En el caso de Nijmeijer hay dos solicitudes: una por rebelión y otra con fines de extradición. Esta última está relacionada con el secuestro de los contratistas Thomas Howes, Keith Stansell y Marc Gonsalves, cometido en febrero de 2003, cuando la avioneta en la que viajaban fue derribada por la guerrilla en plena selva en Caquetá. Su pedido de extradición, conocido en 2010, la cubre a ella y a 17 guerrilleros más, entre ellos el negociador plenipotenciario Andrés París , y los cargos imputados por la Fiscalía estadounidense se refieren a torturas, amenazas de muerte y que los ciudadanos de ese país fueron usados para presionar la desmilitarización de algunas zonas.

Todas estas decisiones se tomaron con base en el Decreto 1980 de 2012, con el cual el presidente Santos facultó al fiscal general para suspender “de plano las órdenes de captura que se hayan dictado o que se dicten en contra de los miembros representantes de las organizaciones armadas al margen de la ley con los cuales se adelanten diálogos, negociaciones o acuerdos de paz”. Montealegre aseveró también que el organismo investigativo prepara un plan de contingencia para priorizar ciertos expedientes —los más graves, los más emblemáticos, los de mayor impacto, los que involucren a los máximos jefes de las Farc—: son 2.156 casos que relacionan delitos como terrorismo, homicidios en persona protegida o toma de rehenes.

La mesa de negociación con las Farc fue instalada en Oslo el jueves pasado. Tres días antes, las Farc habían activado unos explosivos en zona rural de Tame (Arauca), lo cual provocó la muerte de un campesino y su hijo de 3 años de edad y dejó nueve personas heridas. Un día después, en zona rural de Puerto Asís (Putumayo), cinco militares fallecieron en un ataque guerrillero. “Las Farc deben aprovechar este momento y dar prueba de su sinceridad poniendo fin a los ataques y las violaciones del Derecho Internacional Humanitario”, expresó ayer la jefa de la diplomacia de la Unión Europa, Catherine Ashton.

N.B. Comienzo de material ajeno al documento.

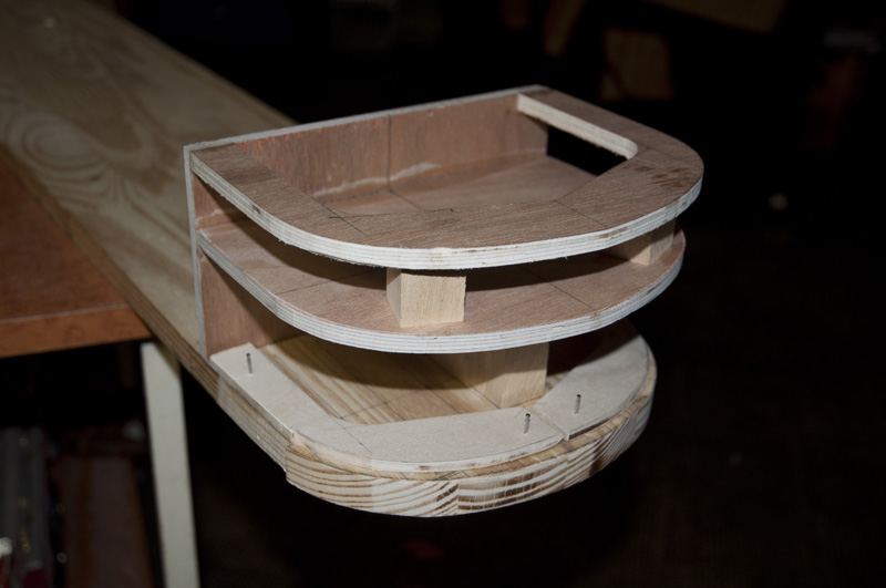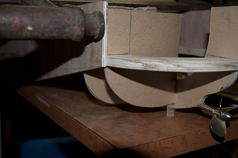 - Photo N°2 : Il me reste juste deux couples, qui en fait seront les extremitées de la cale. Realisés en CTP de 8mm et assemblés en tenons et mortaises.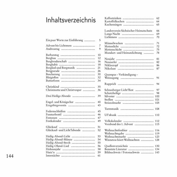 Advent bis Lichtmess · Andreastag · Barbaratag · Bergbau · Bergbruderschaft · Berghabit · Berglied und Bergmusik · Bergparade · Bescherung · Bleigießen · Butterform · Christkind · Christmette und Christvesper · Drei Heilige Abende · Engel- und Königschar · Erzgebirgsverein · Federnschleißen · Fensterbrettl · Festessen · Festkalender · Glückauf · Glückauf- und Licht'labende · Heilig-Abend-Licht · Heilig-Abend-Münze · Heilig-Abend-Stroh · Heilig-Ohmd-Lied · Hohneujahr · Hutz'n · Internächte · Kaffeetrinken · Kartoffelkuchen · Kuchensingen · Landesverein Sächsischer Heimatschutz · Lange Nacht · Lichtmess · Männelwecken · Mettenlicht · Mettenschicht · Mundart- und Heimatdichtung · Neujahr · Neunerlei · Niklaszopf · Nikolaus · Quempas - Verkündigung - Weissagung · Rupprich · Schneeberger Licht'lfest · Schutzheilige · Silvester · Stollen · Striezelmarkt · Turmmusik · Uf'nbank · Volkskalender · Vorabend des 1. Advent · Weihnachtsfestbier · Weihnachtsgabe · Weihnachtsmarkt · Winnetou feiert Weihnachten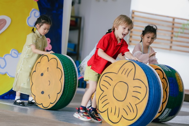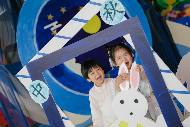The campus was elaborately decorated as a "Moon Palace" themed playground with a wealth of interesting games, such as "The moon touches the sea!”, "Helping the moon home", "Shaping moon cakes, "Adventure on the moon". From Pre-nursery to K2, children from different levels immersed themselves in playing games and experienced the joy of the festival full of vigor and surprises.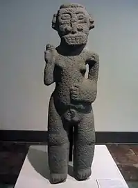 La escultura en piedra alcanzó una vasta producción, con fino acabado. El material más utilizado fue la andesita, obtenida de los volcanes, y se practicaron técnicas de lasqueado y pulimento, alcanzando a elaborar gran cantidad de piezas como metates ceremoniales, guerreros, chamanes, esclavos, animales, cabezas-trofeo, asientos, lápidas, remates de bastones, etc.

Paralelo a los diálogos, la propuesta de regularizar la guerra hecha por el máximo jefe de las Farc, Rodrigo Londoño, alias Timochenko, sigue siendo objeto de debate. Desde Cuba, el expresidente Ernesto Samper —miembro del Consejo Nacional de Paz— señaló que los actos violentos de las Farc durante los diálogos “no deben llevar a decepcionarnos sobre la posibilidad de conseguir la paz (sino que) deben estimularnos para sacar a gente inocente en medio del conflicto”.